Originaire de Long Beach, The Lost Art, membre du crew Technicali, vient bousculer les conventions actuelles en proposant pour son nouvel opus, « Lost Articles: Escape From La La Land », un hip hop frais, léger, et plein d’humour. Entouré de LD (lui aussi membre de Technicali), Dj Stimulus, Not Guilty, Ariano et Science à la production, il nous entraîne dans un univers haut en couleurs, comme savent si bien le faire les Californiens

S’inscrivant clairement dans le registre d’un Pigeon John, il laisse peu de place à l’esbroufe et nous offre en plus, une profusion de phases scratchées par Dj Stimulus. Avec des titres tels que « Kill’Em With Kindness », « Life Is A Battle », « Stop What You’re Doing », il redonnera le sourire à ceux gagnés par la morosité de la fin d’été. Mais, s’il est vrai qu’il semble parfaitement à l’aise dans une certaine simplicité, il nous démontre très vite qu’il serait dommage de le cantonner à ce style. Illustration quand LD sample Barry White (« You Make Feel Like This » de l’album « White Gold ») pour « Setting Up Shop »: il montre une nouvelle facette de son talent, et prouve toute la versatilité du personnage. Preuve à nouveau avec « Dynamic Bullies », plus digital, faisant office d’exception.
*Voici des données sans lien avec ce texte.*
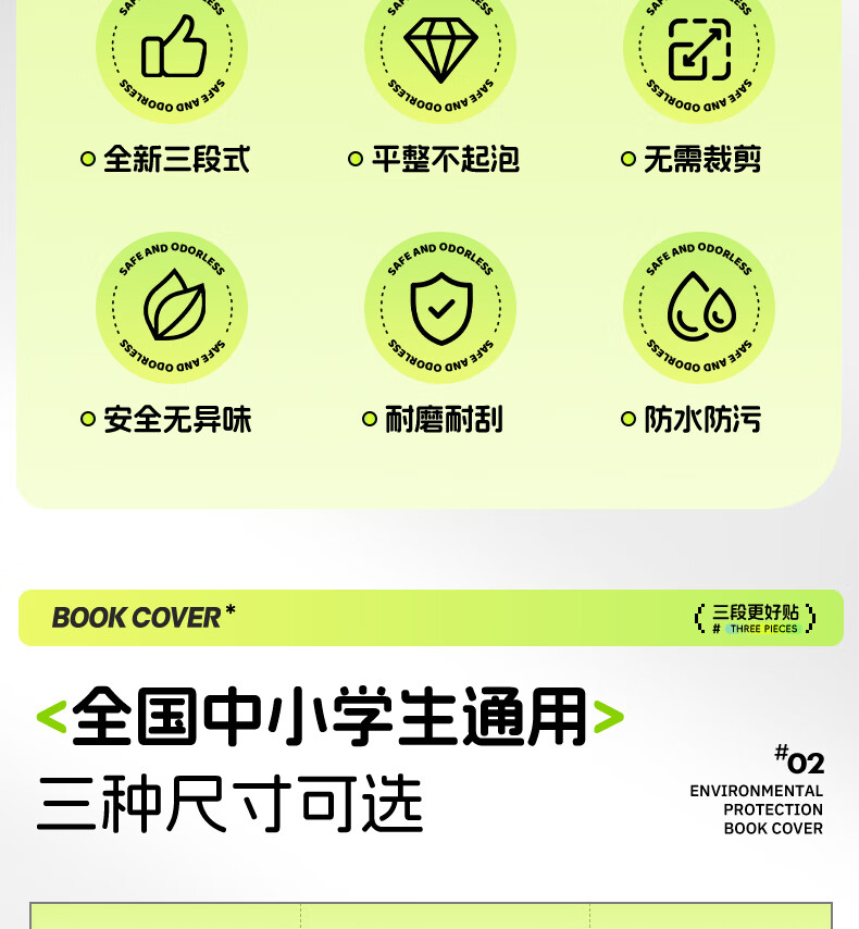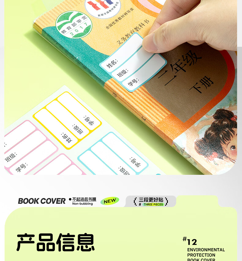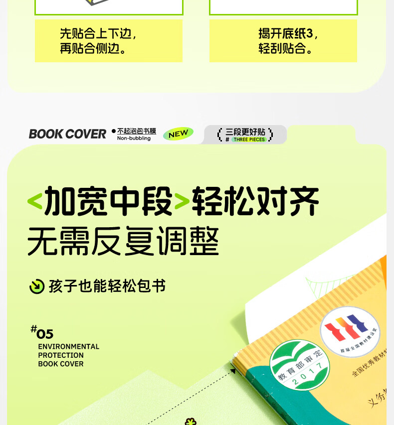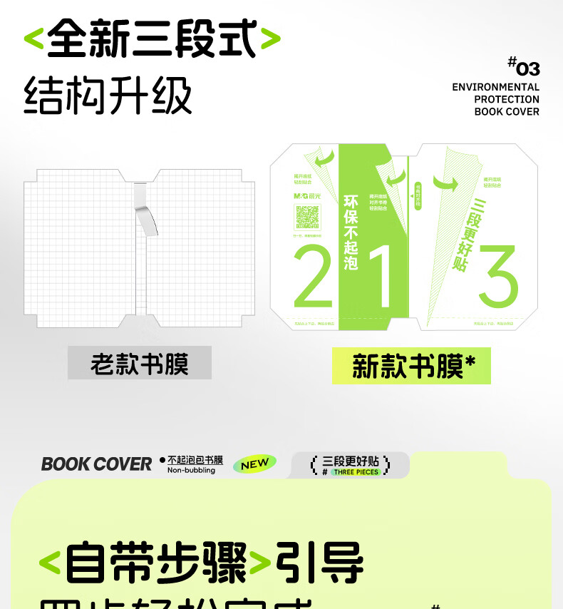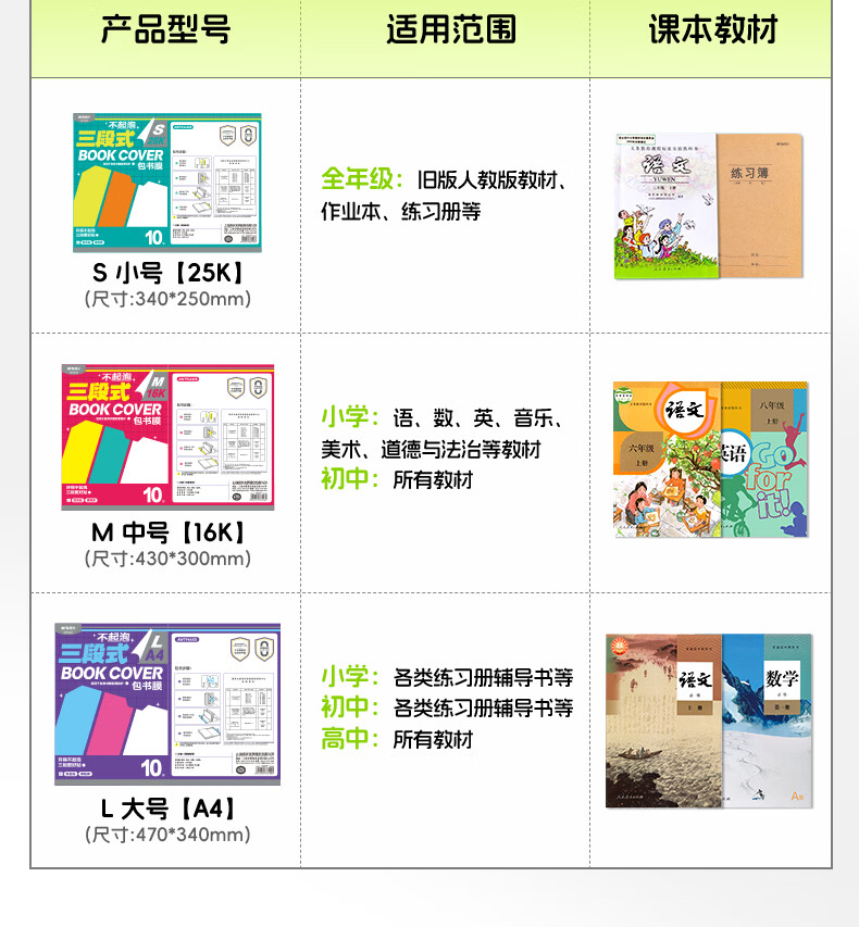 晨光(M&G)文具16K/10张中号不起泡三段式透明自粘包书皮保护套一年级书皮含姓名贴课程表

Et ce n’est pas tout puisqu’on a aussi droit à quelques titres plus « classiques » (« I Gotta Rhyme », « Bare Witness », « Litlle Differences ») ou baignés d’émotion avec le magnifique « Don’t Hang Up », touchant d’introspection, et « On The Road Again » avec Ariano et Lord Zen des Visionaries. Du même crew, on retrouve d’ailleurs LMNO pour un « Find The Strength » clôturant parfaitement cet opus plein de vitalité

Si The Lost Art cite régulièrement Atmosphère, Rakim, et The Alkaholiks parmi ses principales influences, nul doute qu’il semble sur la bonne voie pour les rejoindre, tant son aisance dans l’écriture semble évidente. Ne vous laissez pas piéger par l’apparente naïveté du Mc de Los Angeles, sa plume est bien plus aiguisée qu’il n’y paraît. Logique pour celui qui se nourrit de poésie depuis son plus jeune âge, qui est un inconditionnel des passages TV des Def Poets, et qui récite ses gammes, certes avec une certaine désinvolture, mais avec une sensibilité contagieuse. A des années lumières du mainstream ambiant, il apporte un soupçon de joie dans ce monde pas toujours rose. Parfait pour une arrière saison qu’il illumine

Ecoutez un extrait ici.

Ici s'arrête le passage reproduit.